The paper aims to address the challenge of improving mathematical reasoning by training small data synthesis models, specifically focusing on enhancing the mathematical problem-solving abilities of large language models (LLMs) . This problem is not entirely new, as previous work has also explored training LLMs on math-related data to enhance their mathematical reasoning skills . The paper highlights the effectiveness of training LLMs on math-related data to improve their performance on mathematical reasoning tasks, indicating a novel approach to enhancing mathematical problem-solving capabilities .

What scientific hypothesis does this paper seek to validate?

This paper aims to validate the scientific hypothesis related to improving mathematical reasoning by training small data synthesis models . The focus is on advancing reasoning generalists with preference trees, one-shot learning as instruction data prospector for large language models, and unlocking multimodal understanding across millions of tokens of context . The research delves into deliberate problem-solving with large language models, scaling instruction-finetuned language models, and tool-integrated reasoning agents for mathematical problem-solving . The study also explores the use of generative AI for math, augmenting math word problems via iterative question composing, and self-correction capabilities of large language models with tool-interactive critiquing .

What new ideas, methods, or models does the paper propose?
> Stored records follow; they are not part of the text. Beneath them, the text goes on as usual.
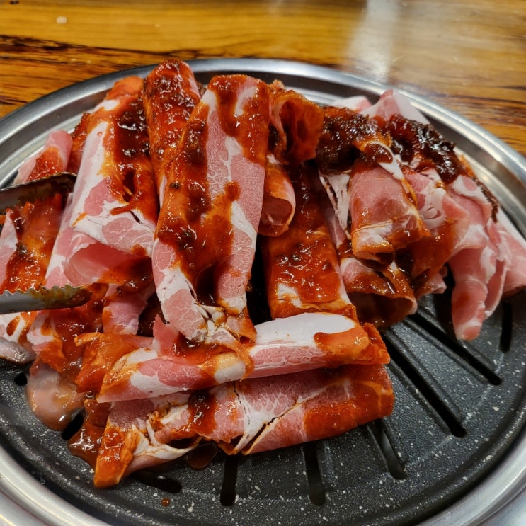 비 오는 날 생각나는 매콤한 열탄불고기! 매콤한 돼지 열탄불고기와 7분돼지김치짜글이랑 함께 먹으면 천상...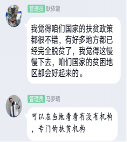 因疫情原因,服务队成员不能相聚一起,服务队就借助QQ群,积极讨论实践方案、方式、具体流程。每位成员深入当地基层,按策划践行各自实践任务,并即时在群中发表所思所想,服务队团结一致,虽相距遥远,但一颗颗为扶贫贡献的炽热之心将他们紧紧连接在一起。实践队成员发放关于家乡当地旅游业发展、互联网使用等相关情况的调查问卷,以更加深入了解基层脱贫概况。他们随机询问当地村民对旅游业采用电子信息化管理的看法,并结合自身所学知识对调查问卷上的问题耐心阐释,向他们介绍互联网+知识及其在助力扶贫中的作用。
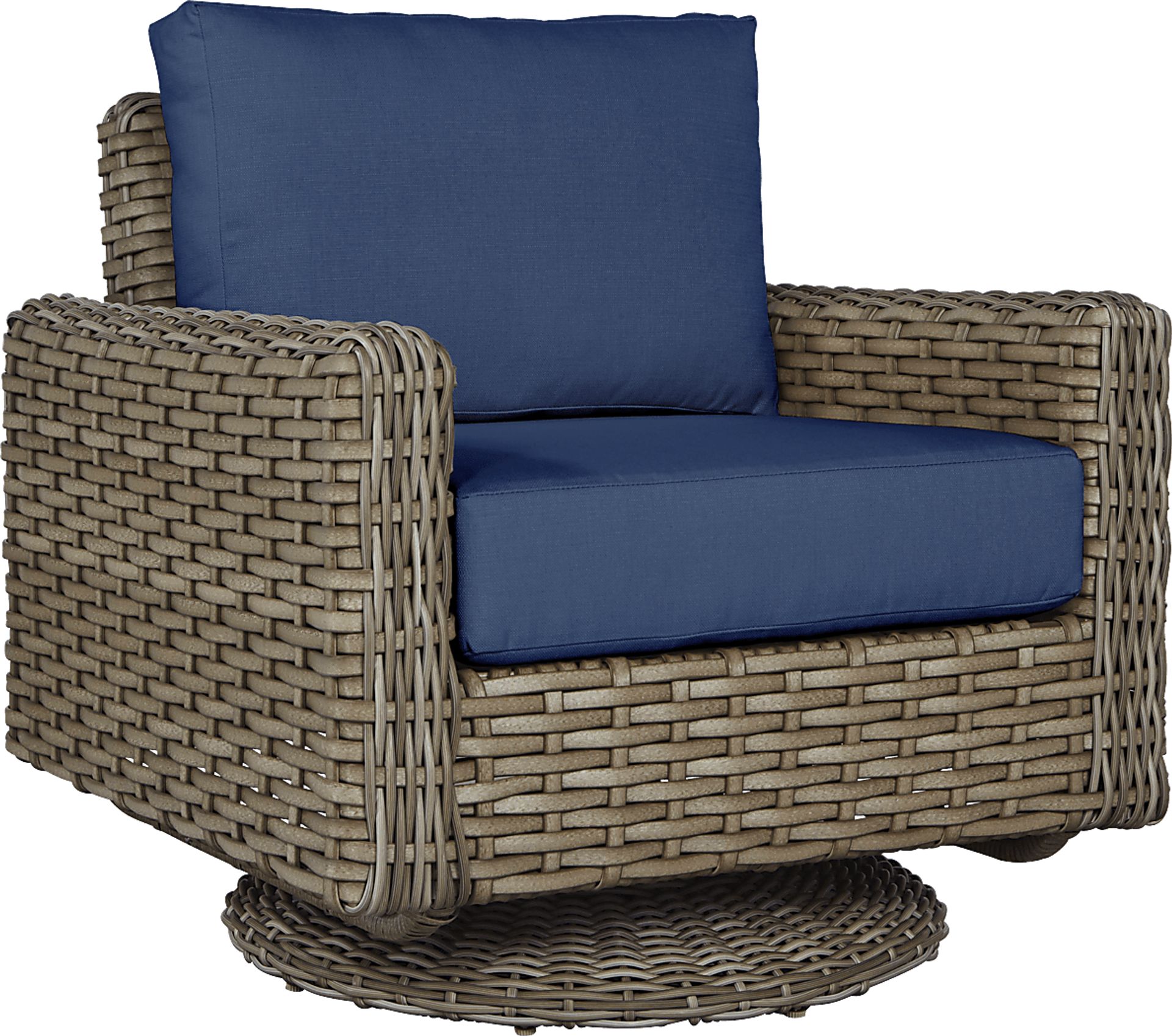 Siesta Key Driftwood Outdoor Swivel Chair With Indigo Cushions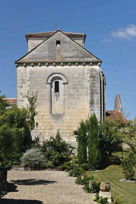 Construite à la fin du 12e ou au début du 13e siècle, l'église appartenait à l'ancien diocèse de Saintes. Elle avait vraisemblablement remplacé une église plus ancienne et s'est conservée dans son ensemble jusque vers 1840, époque à laquelle l'écroulement du clocher fit disparaître la coupole du transept et la voûte du choeur. Plan en forme de croix, à une seule nef et chevet droit. La nef est couverte par une voûte en plein cintre. Les arcs doubleaux retombent sur des colonnes rondes, adossées à des pilastres. Les murs latéraux ont, à chaque travée, une arcature dont l'arc brisé repose sur des colonnes rondes adossées aux pilastres. Chapiteaux sculptés. Le croisillon nord est couvert par une voûte à nervures et à liernes. D'après la tradition, la chapelle était celle des seigneurs du château de Breuilh. Elle semble être de même date que le château : début 16e siècle. Le croisillon sud est couvert par une voûte sur quatre nervures du 14e siècle. La façade occidentale est percée d'un portail plein cintre à quatre voussures, sur quatre colonnettes rondes avec chapiteaux à feuillages. Deux des colonnes montent jusqu'au sommet de la façade. Des colonnes semblables encadrent les portes aveugles et les angles de la façade. Le clocher carré a été refait. La crypte sous l'ancien choeur est inaccessible.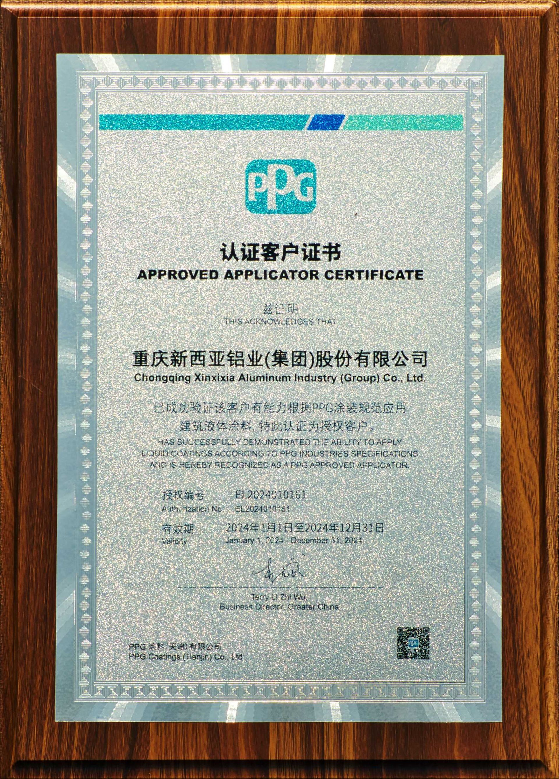PPG涂料(天津)有限公司建筑液体涂料认证客户证书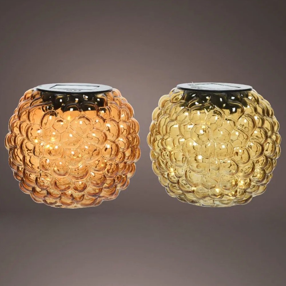 Solar panel table lamp, 21 cm diameter and 18 cm height, with gold design and transparent material. This lamp has an elegant and modern look, using solar energy to provide warm and atmospheric lighting, adding a luxurious and refined touch to any interior.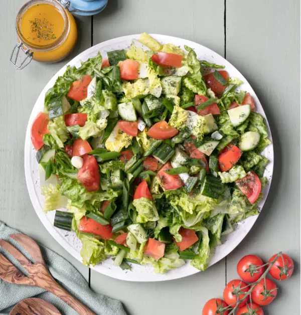 The Fresh and Easy Leafy Green Salad is a light and refreshing dish, perfect for serving eight. Made with crisp Cos lettuce, cucumbers, tomatoes, scallions, and fresh dill, it's tossed in a simple apple cider vinaigrette. Ready in just 10 minutes, this healthy salad is a great side for any meal.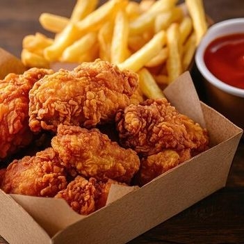 4 pzs pollo cruji con papas 350gr. Y ketchup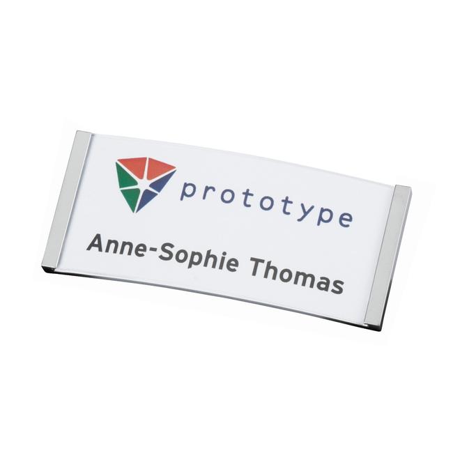 The Balance Series Name Badge is a stylish personalized name badge with a clear curved front and your choice of color accents on the ends. Crafted from transparent acrylic plastic, this reusable name tag can be personalized with names, job titles, company logos, and branding to create a polished and cohesive look. This high-quality name tag is ideal for using in offices, retail environments, hospitality industries, and conferences to promote clear communication and brand visibility.
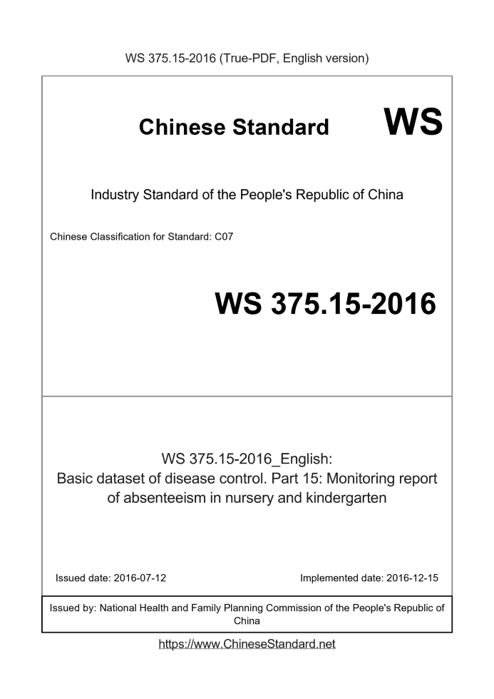 US$279.00 · In stock · Download in 9 secondsWS 375.15-2016: Basic dataset of disease control. Part 15: Monitoring report of absenteeism in nursery and kindergarten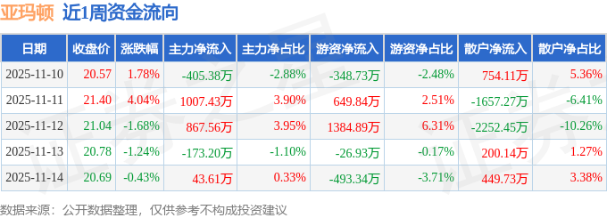 资金流向数据方面,本周亚玛顿主力资金合计净流入1340.01万元,游资资金合计净流入1165.73万元,散户资金合计净流出2505.74万元。本周资金流向一览见下表: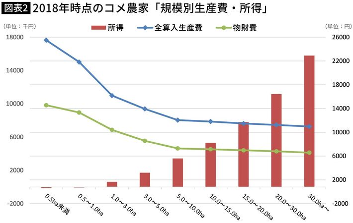 出所=農林水産省「農業経営統計調査」より筆者作成。注=所得(左目盛り、単位:千円)および生産費(右目盛り、単位:円)は、米価が安定していた2018年のものを使用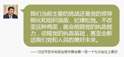 ·我们这么大一个政党,靠什么来管好自己的队伍?靠什么来战胜风险挑战?除了正确理论和路线方针政策外,必须靠严明规范和纪律。我们提出那么多要求,要多管齐下、标本兼治来落实,光靠觉悟不够,必须有刚性约束、强制推动,这就是纪律。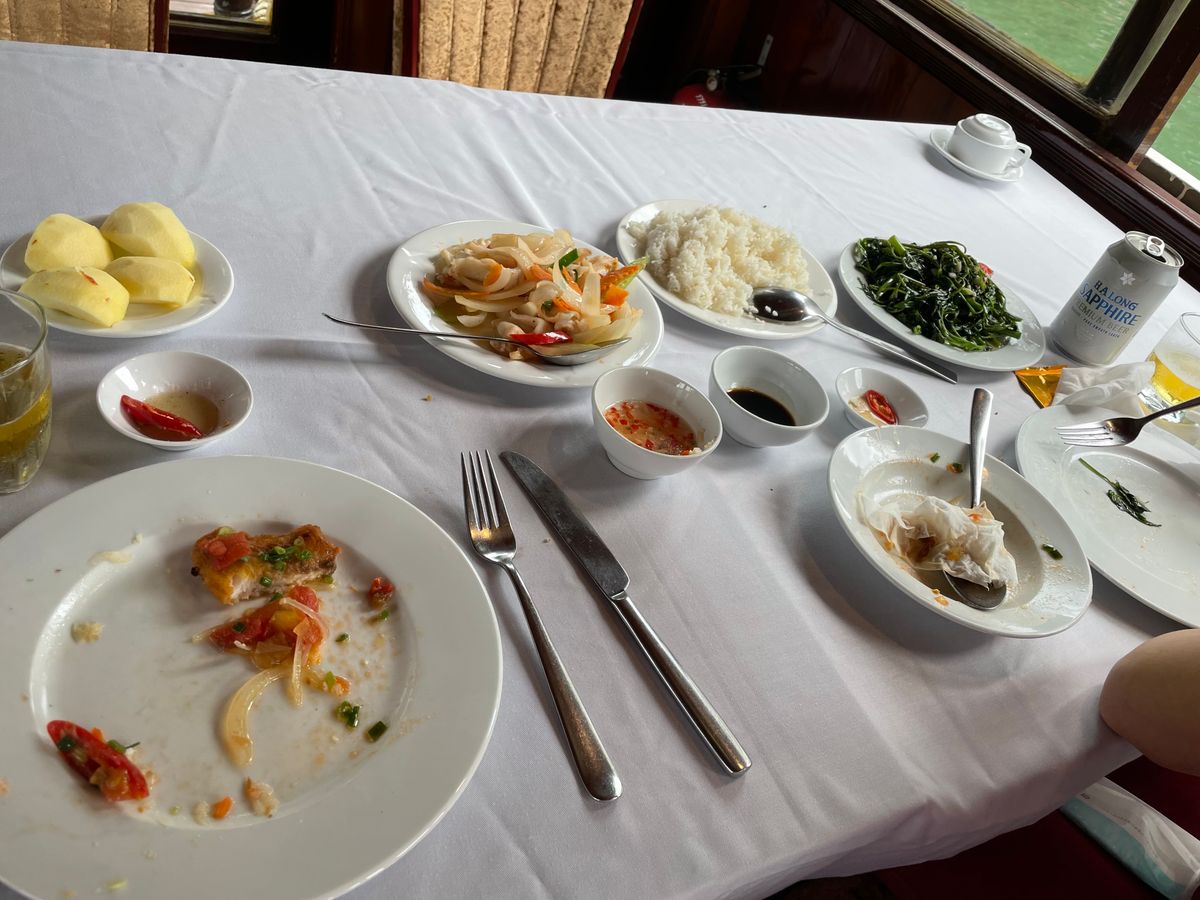 ハロン湾クルーズは海鮮コース料理で大満足。船上ではスタッフが熱心にサービスを提供してくれました。きれいなトイレもります。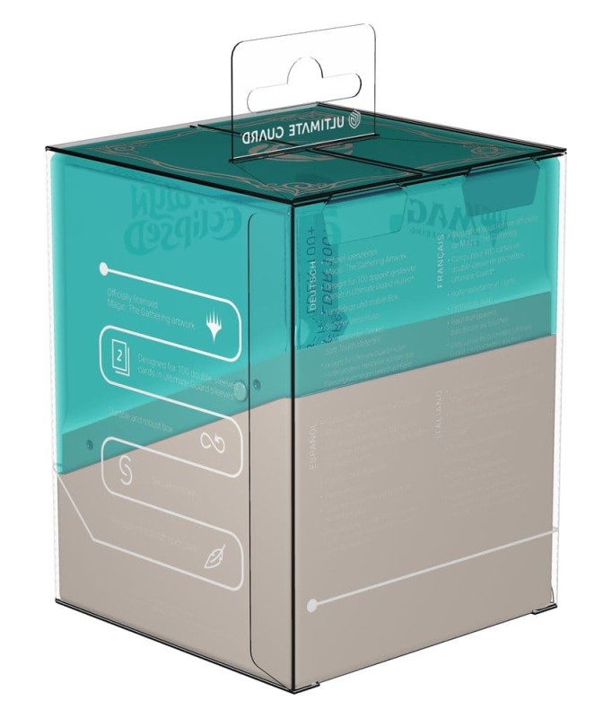 Le Boulder 100+ d'Ultimate Guard est une deck box MTG robuste et fiable, imprimée avec des illustrations sous licence officielle de l'extension "Lorwyn Eclipsed" de Magic: The Gathering. Malgré sa fermeture sécurisée, le Boulder 100+ s'ouvre facilement et offre de la praticité, tout en pouvant contenir 100 cartes en double-sleeve avec des pochettes Ultimate Guard*, ce qui en fait la deck box idéale pour tous les formats de Magic (Commander/EDH, Modern, Standard, etc.). Conçu pour être combiné avec toutes les boîtes de rangement massif Ultimate Guard, le Boulder s'intègre particulièrement bien dans les Arkhive, Superhive et Flip'n'Tray.

What are the characteristics and advantages compared to previous methods?

The paper "JiuZhang3.0: Efficiently Improving Mathematical Reasoning by Training Small Data Synthesis Models" proposes several new ideas, methods, and models in the field of mathematical reasoning enhancement . Here are some key points from the paper:

Advancing LLM Reasoning Generalists: The paper introduces the concept of advancing LLM reasoning generalists with preference trees, which aims to enhance mathematical reasoning capabilities .
One-Shot Learning for Large Language Models: It discusses the use of one-shot learning as an instruction data prospector for large language models, which can improve mathematical reasoning tasks .
Tool-Integrated Reasoning Agent: The paper presents Tora, a tool-integrated reasoning agent designed for mathematical problem-solving, which can assist in enhancing mathematical reasoning processes .
Generative AI for Math: It introduces "MathPile," a billion-token-scale pretraining corpus for math, as part of generative AI for math, which can contribute to improving mathematical reasoning tasks .
Large Language Models for Mathematics: The paper discusses the development of large language models like Llemma and InternLM-Math, which are specifically tailored for mathematical reasoning tasks .
Scaling Instruction-Finetuned Language Models: It explores the scaling of instruction-finetuned language models to enhance mathematical reasoning capabilities, indicating a focus on improving mathematical reasoning through model scaling .
Key-Point-Driven Data Synthesis: The paper introduces a method for key-point-driven data synthesis with enhancements on mathematical reasoning, which can aid in improving the quality of data used for mathematical tasks .
Open Language Model for Mathematics: It presents Llemma, an open language model for mathematics, which can be utilized to enhance mathematical reasoning processes .
Solving Quantitative Reasoning Problems: The paper discusses the use of language models to solve quantitative reasoning problems, highlighting the potential of these models in improving mathematical reasoning tasks .
Improving Math Problem-Solving: It introduces ChatGLM-Math, a model aimed at improving math problem-solving in large language models through a self-critique pipeline, indicating a novel approach to enhancing mathematical reasoning .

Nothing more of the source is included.